### Task item
Every line below between the line holding "Газовый конвекционный настенный" and the line holding "Γυναικείο Πουκάμισο Viscose", inclusive, should be repeated exactly, and all other lines omitted.

### Data records

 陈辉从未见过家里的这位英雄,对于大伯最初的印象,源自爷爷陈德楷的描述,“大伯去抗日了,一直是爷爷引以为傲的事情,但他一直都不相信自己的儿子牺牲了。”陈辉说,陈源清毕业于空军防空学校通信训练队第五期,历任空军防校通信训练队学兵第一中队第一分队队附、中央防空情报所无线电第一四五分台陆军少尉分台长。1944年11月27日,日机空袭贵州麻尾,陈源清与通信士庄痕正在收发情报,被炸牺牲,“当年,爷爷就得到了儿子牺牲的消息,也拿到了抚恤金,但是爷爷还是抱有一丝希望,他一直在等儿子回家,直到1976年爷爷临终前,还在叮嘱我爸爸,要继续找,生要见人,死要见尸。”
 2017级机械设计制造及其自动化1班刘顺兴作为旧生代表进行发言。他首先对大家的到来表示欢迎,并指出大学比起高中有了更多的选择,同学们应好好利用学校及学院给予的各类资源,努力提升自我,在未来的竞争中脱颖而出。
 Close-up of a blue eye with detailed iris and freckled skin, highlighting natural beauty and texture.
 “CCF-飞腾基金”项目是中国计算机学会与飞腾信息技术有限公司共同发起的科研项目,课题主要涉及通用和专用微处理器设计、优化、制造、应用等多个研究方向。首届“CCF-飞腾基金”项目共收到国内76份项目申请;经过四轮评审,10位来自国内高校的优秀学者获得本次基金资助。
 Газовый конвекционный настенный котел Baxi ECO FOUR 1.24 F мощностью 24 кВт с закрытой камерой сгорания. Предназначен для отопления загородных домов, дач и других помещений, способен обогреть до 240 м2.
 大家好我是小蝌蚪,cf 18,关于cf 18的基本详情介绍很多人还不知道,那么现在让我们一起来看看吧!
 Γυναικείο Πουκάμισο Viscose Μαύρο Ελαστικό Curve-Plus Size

* * *

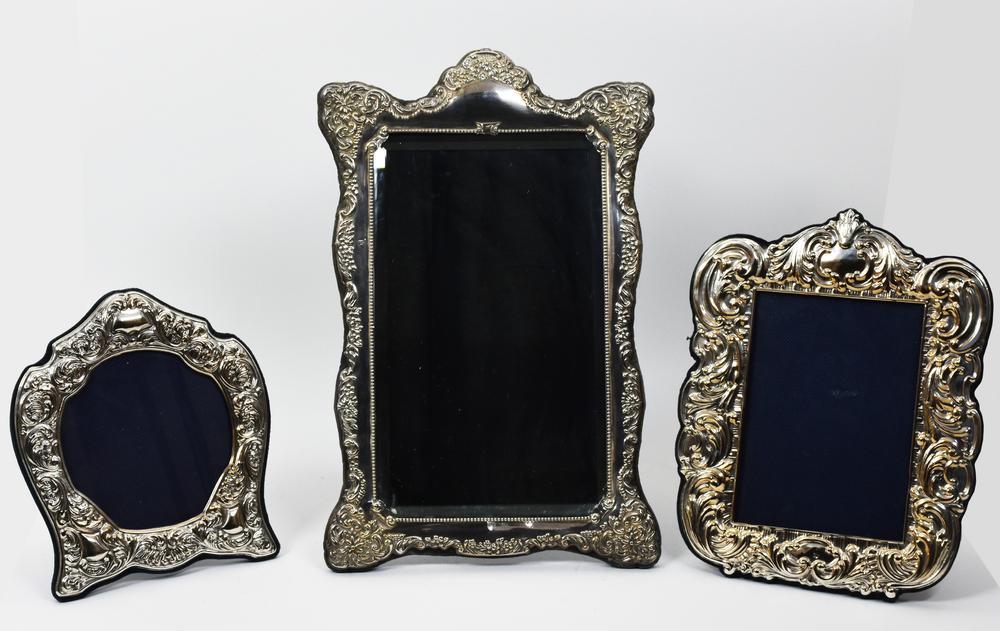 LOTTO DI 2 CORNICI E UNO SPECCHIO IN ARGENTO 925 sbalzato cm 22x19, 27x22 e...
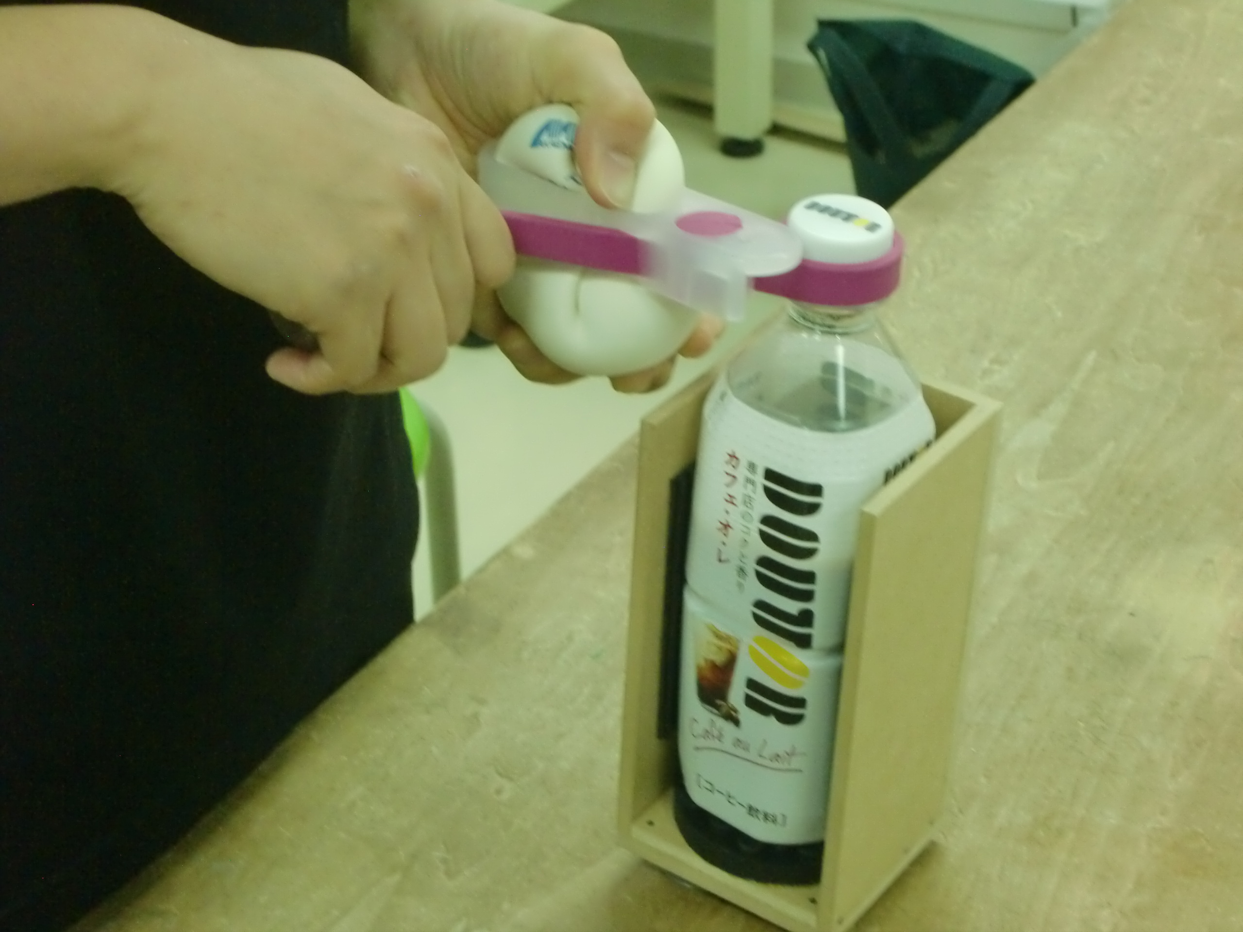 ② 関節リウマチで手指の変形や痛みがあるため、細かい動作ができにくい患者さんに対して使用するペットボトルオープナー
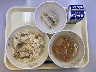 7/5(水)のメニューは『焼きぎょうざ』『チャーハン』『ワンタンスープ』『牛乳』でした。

### Result
 Газовый конвекционный настенный котел Baxi ECO FOUR 1.24 F мощностью 24 кВт с закрытой камерой сгорания. Предназначен для отопления загородных домов, дач и других помещений, способен обогреть до 240 м2.
 大家好我是小蝌蚪,cf 18,关于cf 18的基本详情介绍很多人还不知道,那么现在让我们一起来看看吧!
 Γυναικείο Πουκάμισο Viscose Μαύρο Ελαστικό Curve-Plus Size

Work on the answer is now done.